Torture must stop for Sri Lanka to retain duty free access: EU
ECONOMYNEXT – The European Union praised Sri Lanka for progress in human rights, and labour and environmental standards, but said more action was needed to comply with international conventions including ending torture to retain duty free market access.
A team of senior officials from Brussels have been in the country for the last 10 days on a fact-finding mission, the EU embassy said in a statement.
“The mission has focused on the status of the implementation of 27 international conventions of which Sri Lanka is a signatory,” it said.
“Progressive implementation of the conventions is the condition for continued preferential access to the European Union market – the world’s largest and Sri Lanka’s biggest export market – under the GSP Plus.”
"The excellent cooperation by the Government is a reminder of how much the situation has changed in the country over the last two and a half years, including real advances in human rights,” Ambassador Tung-Lai Margue said after meeting Prime Minister Ranil Wickremesinghe:
“But there are still important concerns about the lack of concrete progress in key areas. Torture has to stop.”
Tung-Lai Margue said it is of paramount importance the government delivers on its commitments, including replacing the Prevention of Terrorism Act with counter-terrorism legislation consistent with international standards and allowing people in custody to have access to a lawyer from the point of arrest.

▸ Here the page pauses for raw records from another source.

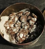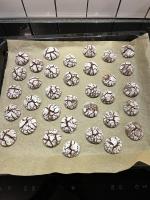 Die Kekse zerlaufen beim Backen und bekommen Risse, die dann im Kontrast zu dem weißen Puderzucker dunkel bleiben und sehr schön aussehen.
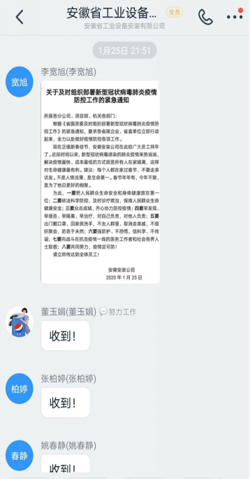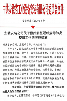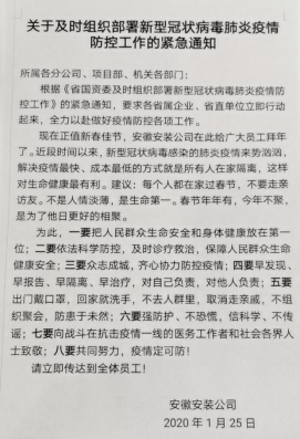 二是部署到位。疫情防控工作開(kāi)展后,1月25日(大年初一)安徽安裝公司發(fā)出防控疫情工作的緊急通知,1月27日制定肺炎疫情防控措施,對(duì)疫情防控工作進(jìn)行細(xì)化安排,周密部署。要求各分公司、直屬項(xiàng)目部、各部門要以對(duì)職工群眾生命安全高度負(fù)責(zé)的態(tài)度,精準(zhǔn)施策,堅(jiān)決遏制疫情在安徽安裝公司輸入、蔓延,鼓勵(lì)職工戴口罩、勤洗手、多通風(fēng)、少走動(dòng)、常消毒。
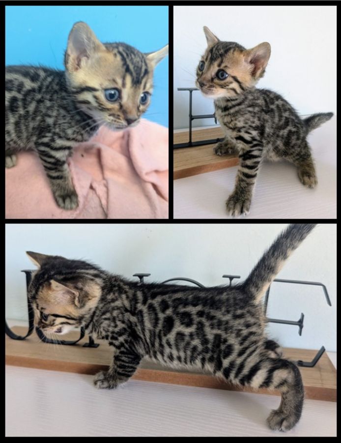 3 adorables chatons Bengal Loof, nés le 25/02/265, cherchent les futures familles qui sauront en prendre soin pour leur donner plein d’amour, de câlins et de ronrons en retour !!
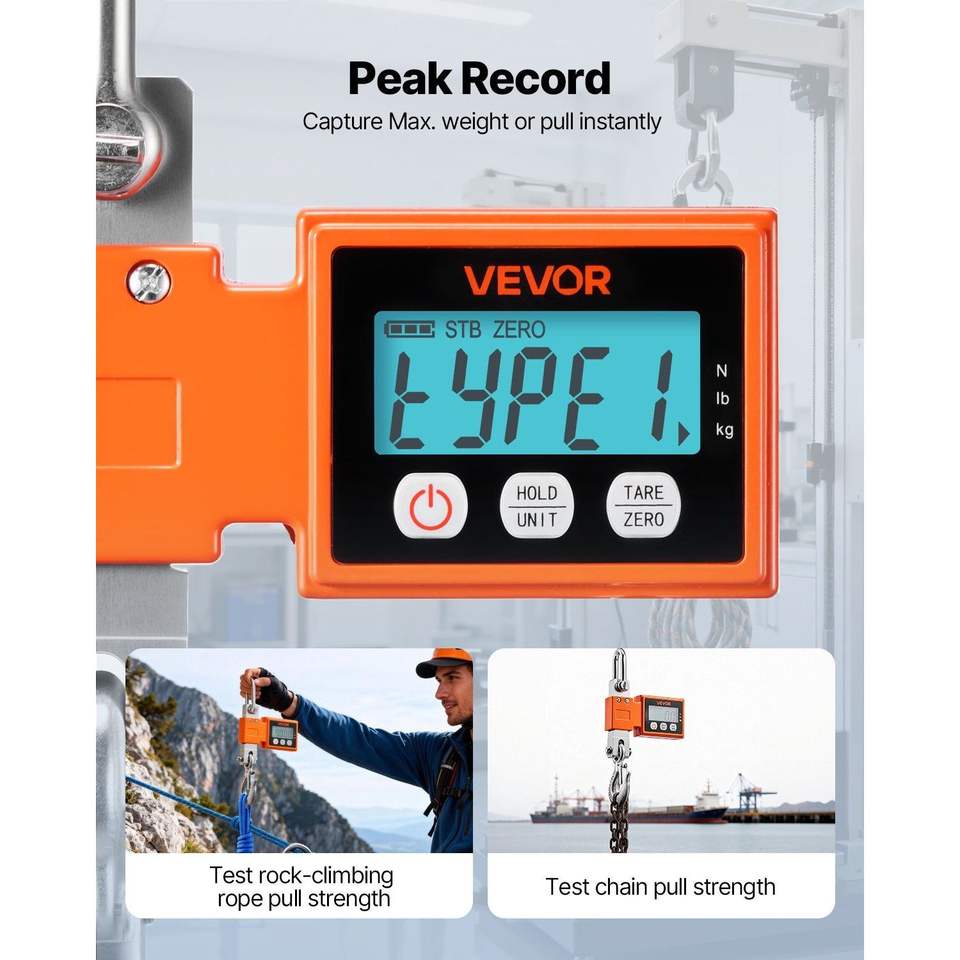 Bilancia Digitale per Gru con Capacità Massima di 500 kg/1100 Libbre, Bilancia Industriale Sospesa per Carichi Pesanti con Cassa in Alluminio Pressofuso e Display LCD

“Clarifying the fate of those who disappeared at the end of the war and speeding up the return of land will help to restore confidence, particularly in the North and East, in the policy of national reconciliation."
The visiting EU team had meetings with government ministers, civil society, trade unions and international organisations.
They also travelled to Jaffna and Kilinochchi to meet the Chief Minister of the Northern Province and hear the views from civil society, including a number of human rights activists.
The EU statement said concerns were also raised about continued discrimination against women and girls and against lesbian, gay, bisexual and transgender Sri Lankans.
The assessment, along with that of the other countries benefitting from GSP Plus, will be published in January 2018 and will be considered by the European Parliament and the Council of Ministers.